JAKARTA – Menteri Pendidikan Dasar dan Menengah (Mendikdasmen) Abdul Mu’ti menyampaikan belasungkawa atas meninggalnya seorang guru akibat serangan kelompok kriminal bersenjata (KKB) di Distrik Anggruk, Kabupaten Yahukimo, Papua Pegunungan.

Korban, bernama Rosalina Rerek Sogen, merupakan guru sekolah dasar asal Desa Lewotala, Kecamatan Lewolema, Kabupaten Flores Timur, Nusa Tenggara Timur (NTT).
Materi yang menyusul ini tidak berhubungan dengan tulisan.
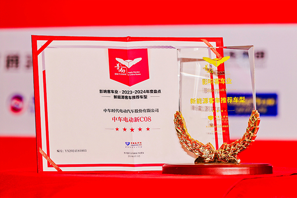 中車電動新C08榮獲2023-2024年度“新能源客車推薦車型”

“Kami menyampaikan duka cita yang mendalam atas gugurnya seorang guru akibat serangan KKB. Kami dari kementerian akan menemui keluarga korban di NTT dan berupaya memberikan bantuan material, meskipun dalam jumlah terbatas,” ujar Abdul Mu’ti dalam konferensi pers usai penandatanganan nota kesepahaman antara Kemendikdasmen dengan Kementerian Ketenagakerjaan serta Badan Pelindungan Pekerja Migran Indonesia di Jakarta, Senin (24/3/2025).
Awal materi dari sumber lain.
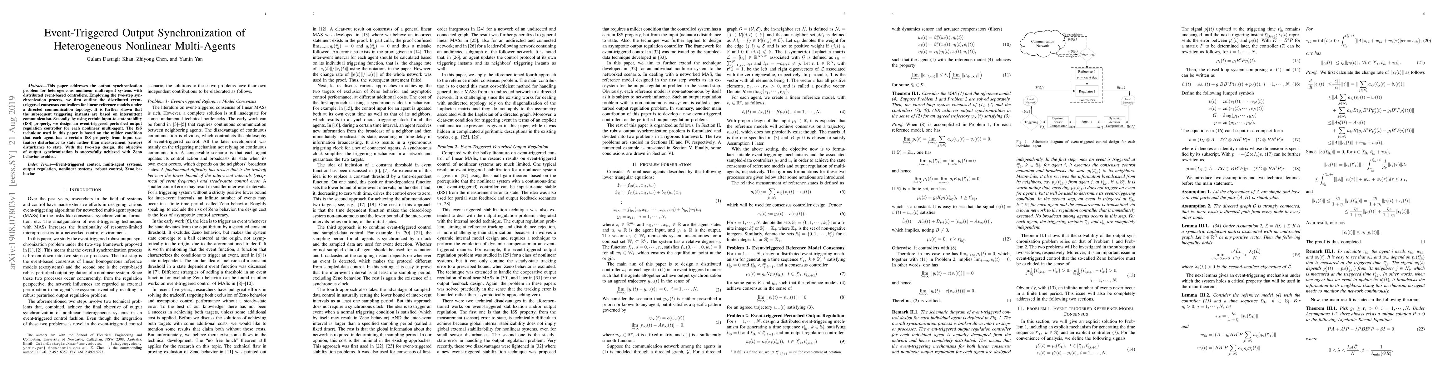 This paper tackles the output synchronization of heterogeneous nonlinear multi-agent systems using distributed event-based controllers. It introduces a two-step synchronization process, first designing event-triggered consensus controllers for linear models, followed by a perturbed output regulation controller for nonlinear agents based on input-to-state stability, achieving synchronization while avoiding Zeno behavior.

Menteri juga berharap insiden serupa tidak kembali terjadi, khususnya terhadap tenaga pendidik yang bertugas di wilayah tertinggal, terdepan, dan terluar (3T). Ia menegaskan bahwa pihaknya telah berkoordinasi dengan aparat keamanan terkait perlindungan bagi guru yang bertugas di daerah rawan konflik, termasuk Papua.
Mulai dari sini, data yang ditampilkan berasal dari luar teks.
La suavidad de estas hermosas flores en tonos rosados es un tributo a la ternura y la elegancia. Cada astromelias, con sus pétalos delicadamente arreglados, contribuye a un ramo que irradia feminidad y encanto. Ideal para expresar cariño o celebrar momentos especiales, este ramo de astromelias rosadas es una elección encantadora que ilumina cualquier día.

Sebelumnya, Kapolres Yahukimo AKBP Heru Hidayanto membenarkan adanya laporan terkait serangan yang dilakukan oleh KKB terhadap seorang guru kontrak di Distrik Anggruk pada Jumat (21/3/2025), sekitar pukul 16.00 WIT. Insiden tersebut menewaskan Rosalina Rerek Sogen dan mengakibatkan enam orang lainnya mengalami luka-luka.

Dari tujuh korban yang diserang, enam di antaranya berasal dari NTT, sedangkan satu korban lainnya berasal dari Sorong, Papua Barat Daya. Para korban terdiri atas enam guru dan satu tenaga kesehatan. Korban luka berat meliputi Vidi, Cosmas, dan Tari, sementara korban luka ringan adalah Vanti, Paskalia, dan Irmawati.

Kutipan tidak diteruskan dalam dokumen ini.